Operational Domain Design (ODD) for Advanced Air Mobility (AAM)

In this research, we aim to devise a systematic method for defining an Operational Domain Design (ODD) for automated flight systems of future aircraft. We build upon recent advancements in the automotive industry in this area and leverage the expertise in flight operation and technology contributed by Sunny Yun who is a Ph.D. student in our lab and an active pilot with Asiana Airlines, flying A350.

The ODD, which defines the operating environment of an automated system or a function, has been adopted widely for autonomous driving cars for multiple purposes, for instance, to share safety information clearly between stakeholders, to derive engineering requirements for automated systems and/or features under development, and to carry out scenario-based verification of the automated systems. In order to construct an ODD, one needs to develop a well established taxonomy based on a set of attributes representing different aspects of operating conditions of an automated system/feature. In recent years, significant effort has been made in an automotive industry to come up with an effective ODD taxonomy, together with some recommendations on how to format an ODD under such taxonomy. This led to the release of several standard documents including ISO 34503 and BSI PAS 1883. 

On the other hand, as the era of AAM dawns, there has been a burgeoning interest to introduce an automated pilot assistance system to the next generation aircraft that will help reduce the pilot's workload and enhance the flight operational safety by eliminating human errors. Indeed, autonomous flight is considered as a distinguishing feature of AAM aircraft compared to the current existing aircraft, which will have a dramatic impact on how the future aircraft would fly and operate.
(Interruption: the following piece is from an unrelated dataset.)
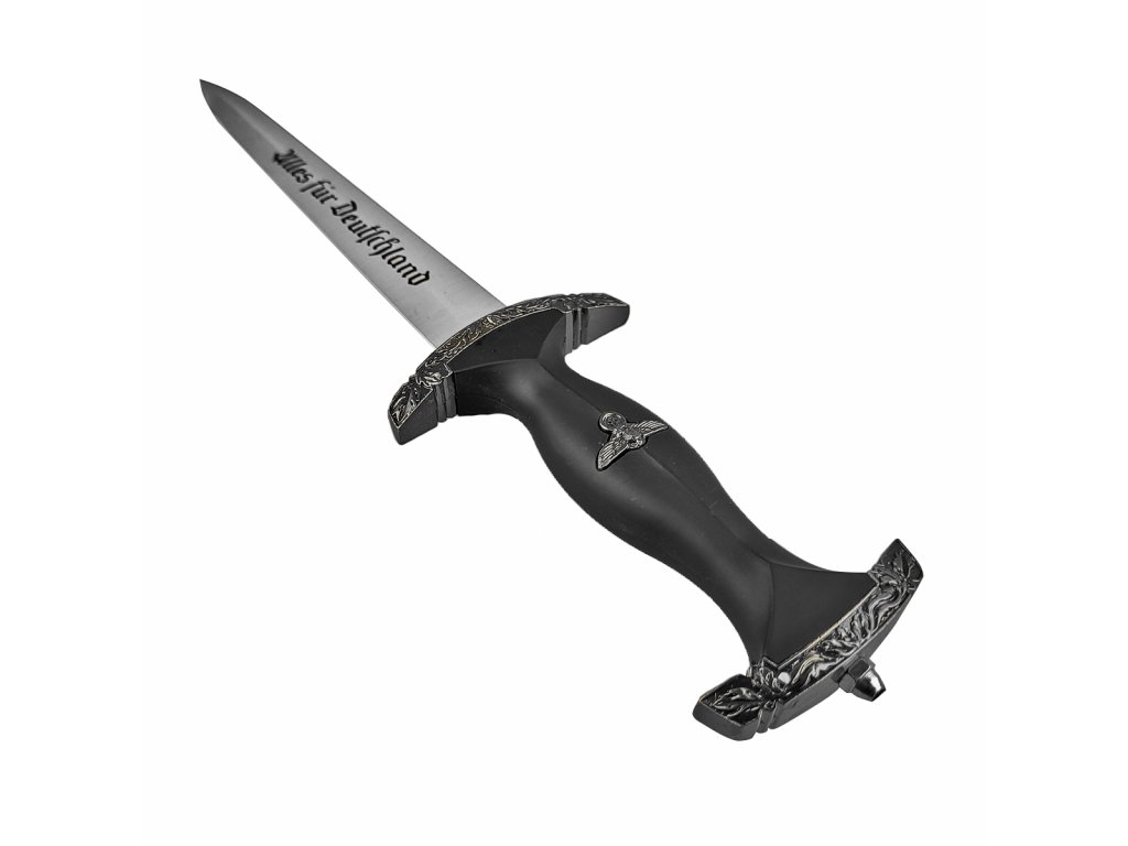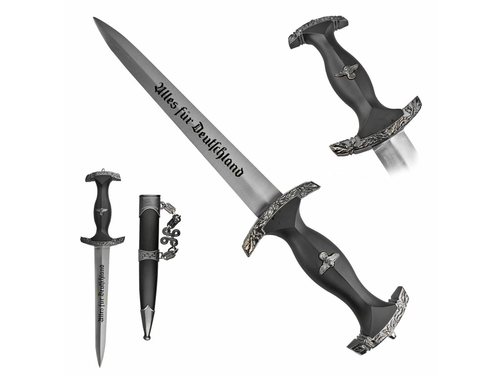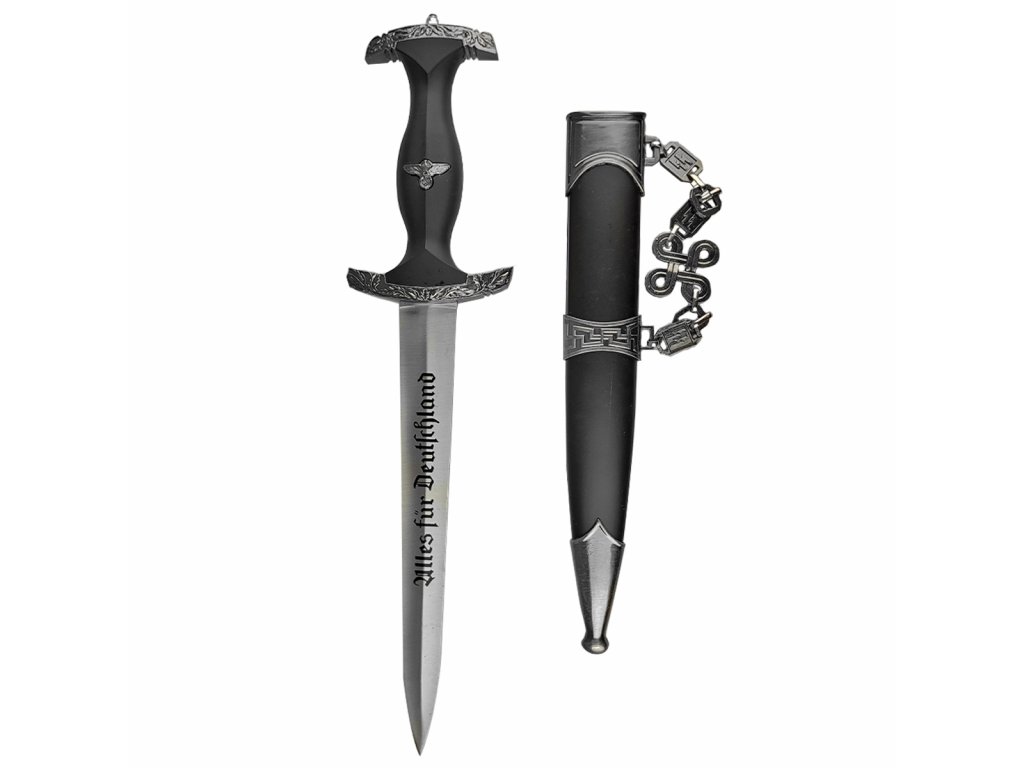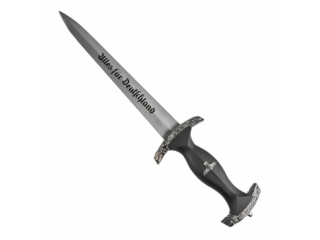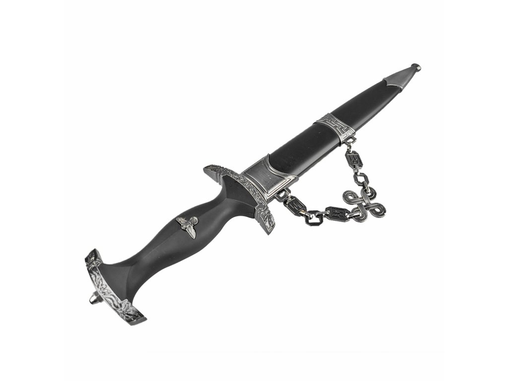 Čierna dýka "WAFFEN SS" - 1936 Predstavejeme vám presne spracovanú repliku dýky, ktorá kedysi symbolizovala jednotky Waffen SS. Tento historický kus je vytvorený pre zberateľov a historikov, ktorí ocenia presný dizajn, ktorý odráža éru a atmosféru danou dobou. Celková dĺžka dýky je 36 cm, s čepeľou s dĺžkou 22,2 cm, vyrobená z nerezovej ocele N420. Táto čepeľ, aj keď je tupá z výroby, zachováva autentickosť a umožňuje zberateľom obdivovať detailné prevedenie. Napriek svojej výstavnej povahe je táto dýka schopná hravo otvoriť listy. Na povrchu čepele nájdeme nemecký vojenský slogan "Alles für Deutschland" - "Všetko pre Nemecko". Je dôležité zdôrazniť, že táto replika je zameraná na historický výskum a pre zberateľov. Nie je stanovená na nesprávne použitie alebo propagáciu extrémistických názorov. Povrch čepele je ozdobený nápisom, ktorý označuje historický kontext. Súčasťou tejto repliky je pevné plastové púzdro, vybavené retiazkou, ktoré umožňuje nosenie dýky na opasku. Prineste si do svojej zbierky kus histórie, ktorý rešpektuje minulosť a umožní vám študovať a porozumieť udalostiam spojeným s touto epochou.

To bring autonomously flying aircraft into the real world, substantial effort has been invested, not only by engineering  experts but also by regulatory bodies, in the aviation industry to develop various automated flight systems. While these systems would have their own designed operating conditions and environment, a consensus on how to best represent them as an ODD is yet to be reached, unlike in the automotive industry.  To this end, our research focuses on laying the foundations of ODD construction for automated flight systems by thoroughly considering real-world flight operations and technologies.

Vision-based autonomous landing system of a fixed-wing aircraft

In this research, we aim to develop a vision-based autonomous landing system for a fixed-wing aircraft that can be deployed in the real-world. Such a system could be especially useful for the future fixed-wing type aircraft, such as Regional Air Mobility (RAM) aircraft.

In the field of aviation, the emerging concept of Advanced Air Mobility (AAM) has spurred the demand for autonomous aircraft capable of flying with limited or no human intervention. This is because autonomous flight technologies are envisaged to mitigate the risks associated with human errors by pilots and to facilitate quicker reactions to adverse flight conditions than human pilots. In particular, it is well-known that landing is the most dangerous phase of flight, and efforts have been made to develop an automated system that could assist pilots during landing and improve landing safety.

However, current landing assistive systems, such as Instrument Landing System (ILS), require ground equipment and a-priori knowledge of runways. To overcome these limitations, we propose using an onboard camera that looks ahead of the aircraft to identify a runway from camera images when it comes into sight. A deep-learning based segmentation method may be used to recognize runway when approaching the runway from mid-air, and landing guidance command is generated based on the estimated relative pose of the aircraft with respect to the runway that is obtained by fusing the image with other sensor measurements such as an Inertial Measurement Unit (IMU). Hence, the method does not rely on any ground equipment and runway information. Furthermore, this method may be employed to safely execute emergency landings in areas other than runways by identifying a safe emergency landing spot using onboard vision and issuing the necessary landing guidance commands.

Fail-safe strategies for AAM aircraft

For aircraft, emphasizing the importance of safety is never excessive. While safety considerations of an aircraft can encompass various factors depending on the context, our research focuses on developing critical methods for situations where a subset of flight controls on a vertical take-off and landing (VTOL) aircraft malfunctions during flight, enabling emergency flight operations.

We approach this problem from two different angles. The first involves carefully designing an aircraft to maintain flight controllability even when a certain subset of its flight controls fails. The other approach is to implement a dedicated flight controller capable of ensuring safe emergency flight despite the loss of flight controllability due to failed control effectors. Ultimately, our plan is to integrate both design and control approaches, optimizing the fail-safe functionality of an aircraft.

As a starting point, we considered a multirotor aircraft susceptible to partial rotor failure and proposed a control-centric design optimization approach. This method optimizes aircraft design parameters to ensure the aircraft's survivability in the event of rotor failure up to a certain number, irrespective of the combination. We continue to explore the design space of multirotor aircraft and seek other practical means to cope with rotor failure. Eventually, we plan to expand our research outcomes to a broader class of VTOL aircraft.